Work instructions:
Exclude all pictures, then write out exactly the lines below from the first one through the line with "С первого этажа".

——

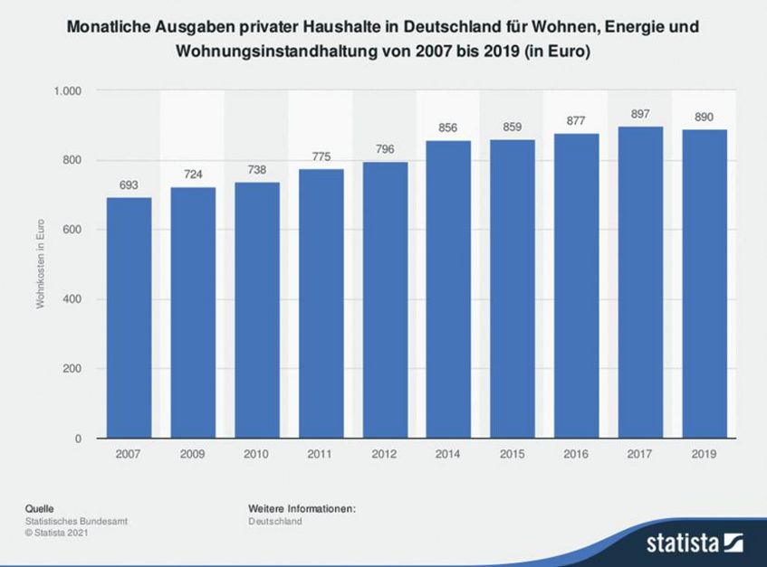 Insgesamt machten die Ausgaben für Wohnung, Energie und Wohnungsinstandhaltung laut den Angaben des Statistischen Bundesamtes im Jahr 2019 rund 34,6 Prozent der gesamten privaten Konsumausgaben aus.
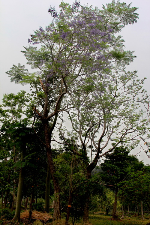 蓝花楹为一美丽的观叶、观花树种。分布在阿根廷、玻利维亚、巴西以及中国的广西、广东、海南、云南、福建等地。另外,其木质较软,是制作木雕工艺品的好材料。
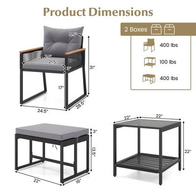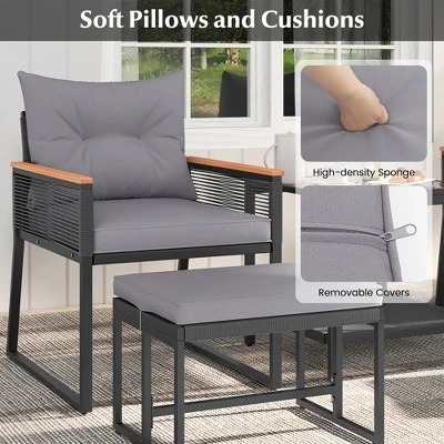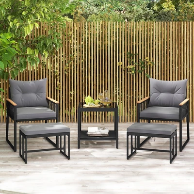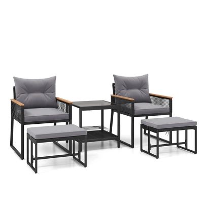 Elevate your outdoor space with our 5 piece patio furniture set!The outdoor furniture set is designed for ultimate relaxation, featuring plush pillows and cushions filled with high-density sponge. The zippered cushion covers make cleaning easy, ensuring an inviting seating experience at all times. Crafted from premium PE rattan and supported by a sturdy metal frame, this patio conversation set is built to last. The acacia wood armrests provide extra comfort and relaxation for your arms. With its 2-tier structure, the tempered glass top coffee table offers ample storage space to keep outdoor essentials close at hand. This outdoor conversation set is versatile and perfect for any outdoor space, such as a porch, terrace, garden, or poolside.
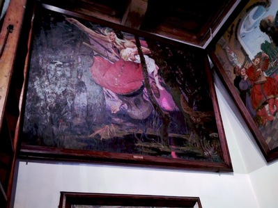 С первого этажа по деревянной лестнице можно подняться в сокровищницу терема – мастерскую художника. Меня поразила своими огромными размерами и высоким шестиметровым потолком эта комната. А знаете почему? Васнецов любил писать громадные полотна. Даже сохранилась здесь его старинная стремянка. И кругом завораживающие дух колоссы-картины...
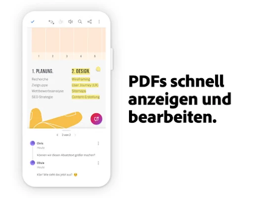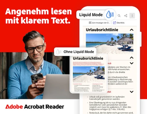Selbstverständlich bietet Acrobat Reader auch eine Fülle an kostenlosen Funktionen für den täglichen Gebrauch. Nutzen Sie Adobe Fill & Sign, um Formulare schnell auszufüllen und digital zu unterschreiben. Der innovative Liquid Mode sorgt für ein optimales Leseerlebnis, indem er das Layout an Ihr Gerät anpasst und Navigation sowie Schriftgröße flexibel gestaltet. Teilen Sie PDFs zum Kommentieren und Arbeiten Sie effektiv im Team, indem Sie Kollegen markieren und Feedback zentral verwalten. Haftnotizen, Textmarker und die Möglichkeit, wichtige Dateien zu markieren, vereinfachen Ihre Organisation. Verknüpfen Sie zudem mühelos Cloud-Speicher wie OneDrive, Dropbox und Google Drive, um jederzeit auf Ihre Dokumente zuzugreifen und nahtlos mit Adobe Scan erstellten PDFs zu arbeiten.
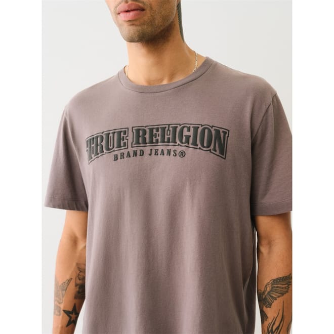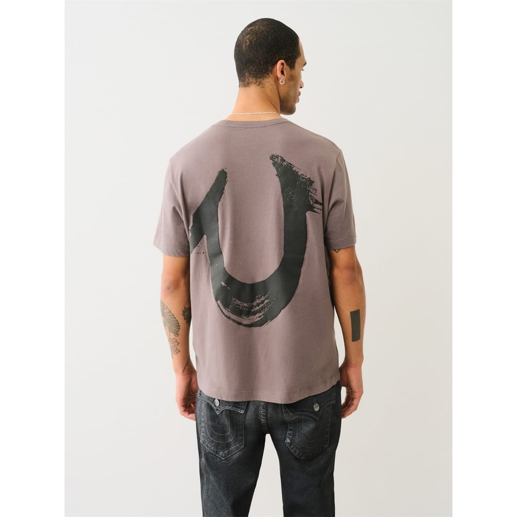 The Painted Horseshoe Relaxed Tee is a true must have. Designed from comfy 100% cotton, this short sleeve men's t-shirt features a crewneck and boxy relaxed fit. Finished with our classic True Religion logo across the front and a painted horseshoe graphic across the back. -

——

Solution for this problem:
 Insgesamt machten die Ausgaben für Wohnung, Energie und Wohnungsinstandhaltung laut den Angaben des Statistischen Bundesamtes im Jahr 2019 rund 34,6 Prozent der gesamten privaten Konsumausgaben aus.
 蓝花楹为一美丽的观叶、观花树种。分布在阿根廷、玻利维亚、巴西以及中国的广西、广东、海南、云南、福建等地。另外,其木质较软,是制作木雕工艺品的好材料。
 Elevate your outdoor space with our 5 piece patio furniture set!The outdoor furniture set is designed for ultimate relaxation, featuring plush pillows and cushions filled with high-density sponge. The zippered cushion covers make cleaning easy, ensuring an inviting seating experience at all times. Crafted from premium PE rattan and supported by a sturdy metal frame, this patio conversation set is built to last. The acacia wood armrests provide extra comfort and relaxation for your arms. With its 2-tier structure, the tempered glass top coffee table offers ample storage space to keep outdoor essentials close at hand. This outdoor conversation set is versatile and perfect for any outdoor space, such as a porch, terrace, garden, or poolside.
 С первого этажа по деревянной лестнице можно подняться в сокровищницу терема – мастерскую художника. Меня поразила своими огромными размерами и высоким шестиметровым потолком эта комната. А знаете почему? Васнецов любил писать громадные полотна. Даже сохранилась здесь его старинная стремянка. И кругом завораживающие дух колоссы-картины...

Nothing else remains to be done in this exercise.